Khan's Algorithm for topoSort

Here we are going to talk about Khan's algorithm for toposort

  • We already saw the implementation of the toposort algorithm using dfs.
  • Let's look at the implementation of the toposort algorithm using bfs traversal algorithm .
  • So basicallly the concept is that we will store the indegree of each of the nodes in a indegree vector
  • If the indegree of any of the node is zero then we push that in the queue
  • Now we will go through the queue
  • Take out the front node of the queue and store that in the answer vector
  • Now, reduce the indegree of the adjacent nodes
  • And in the process if the indegree of any of the nodes is zero then we push that in the queue.
  • Finally when we return the answer vector , we will have out required answer
  • Now if at any point of time the queue becomes empty and any of the node is still left to traverse then it means that there is a cycle in the graph and therefore its indegree never becomes zero.
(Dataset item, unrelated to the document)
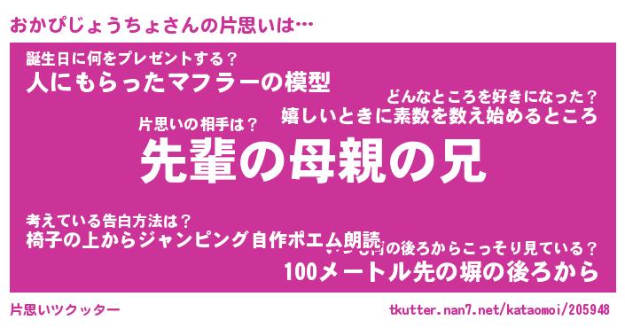 | 女子向けラノベタイトル風あだ名 | 『おかぴじょうちょ姫と円卓の騎士』 |
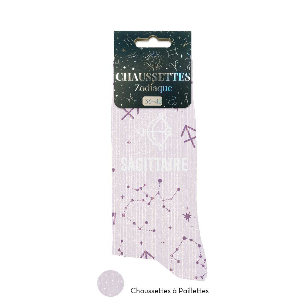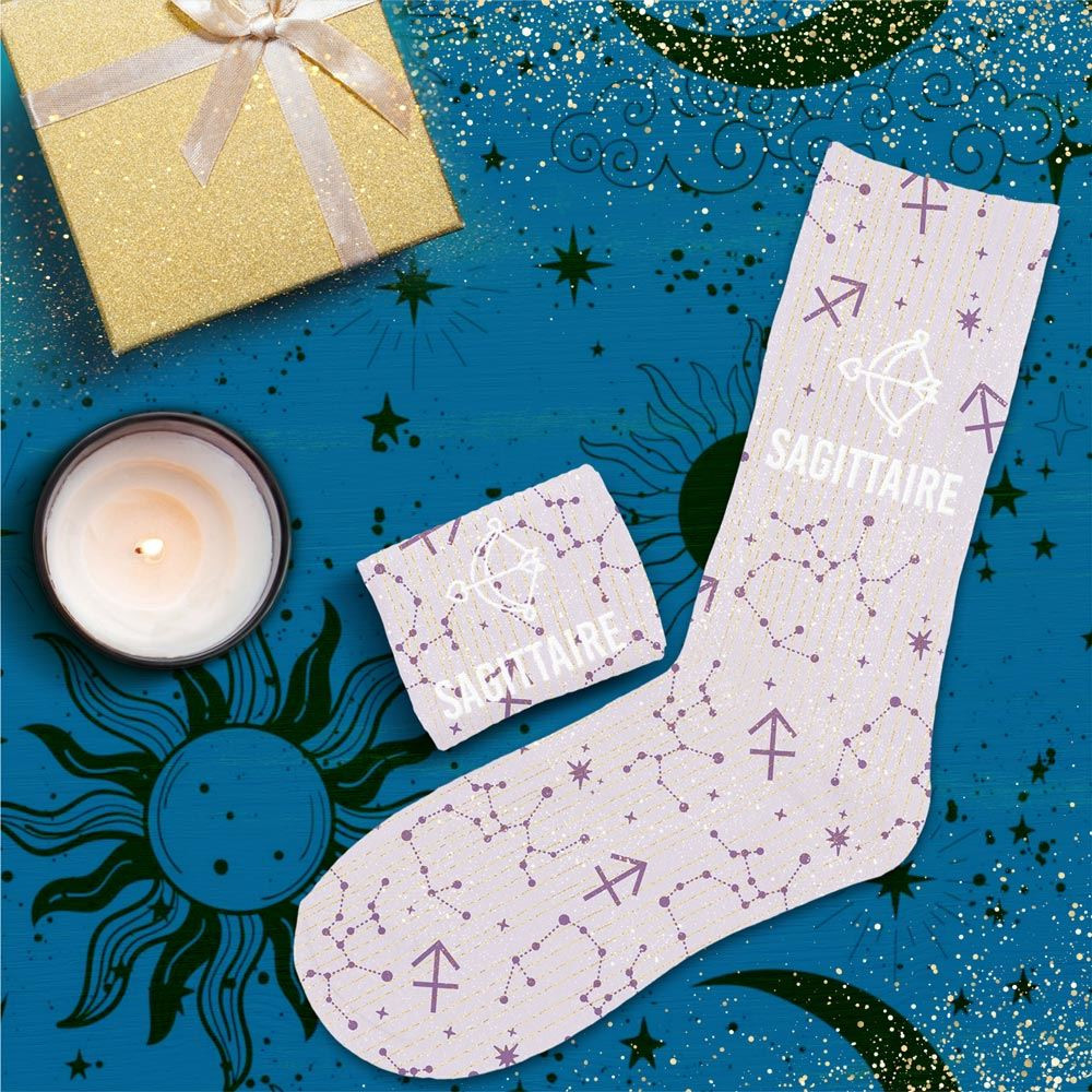 Préparez vos pieds à l’aventure cosmique avec ces chaussettes à paillettes violettes dédiées aux Sagittaires

Code for Toposort using Khan's algorithm ⬇️

#include <iostream>
#include <vector>
#include <queue>

using namespace std;

vector<int> topoSort(vector<vector<int>>& graph, int n) {
    vector<int> inDegree(n, 0);
    queue<int> q;
    vector<int> result;

    // Calculate in-degree for each vertex
    for (int i = 0; i < n; i++) {
        for (auto neighbor : graph[i]) {
            inDegree[neighbor]++;
        }
    }

    // Enqueue vertices with in-degree 0
    for (int i = 0; i < n; i++) {
        if (inDegree[i] == 0) {
            q.push(i);
        }
    }

    // Process the vertices in the queue
    while (!q.empty()) {
        int curr = q.front();
        q.pop();
        result.push_back(curr);

        // Decrement in-degree of neighbors
        for (auto neighbor : graph[curr]) {
            inDegree[neighbor]--;
            if (inDegree[neighbor] == 0) {
                q.push(neighbor);
            }
        }
    }

    return result;
}

int main() {
    int n, m;
    cin >> n >> m;

    // Construct the graph
    vector<vector<int>> graph(n);
    for (int i = 0; i < m; i++) {
        int u, v;
        cin >> u >> v;
        graph[u].push_back(v);
    }

    // Topological sort
    vector<int> result = topoSort(graph, n);

    // Print the result
    for (auto vertex : result) {
        cout << vertex << " ";
    }
    cout << endl;

    return 0;
}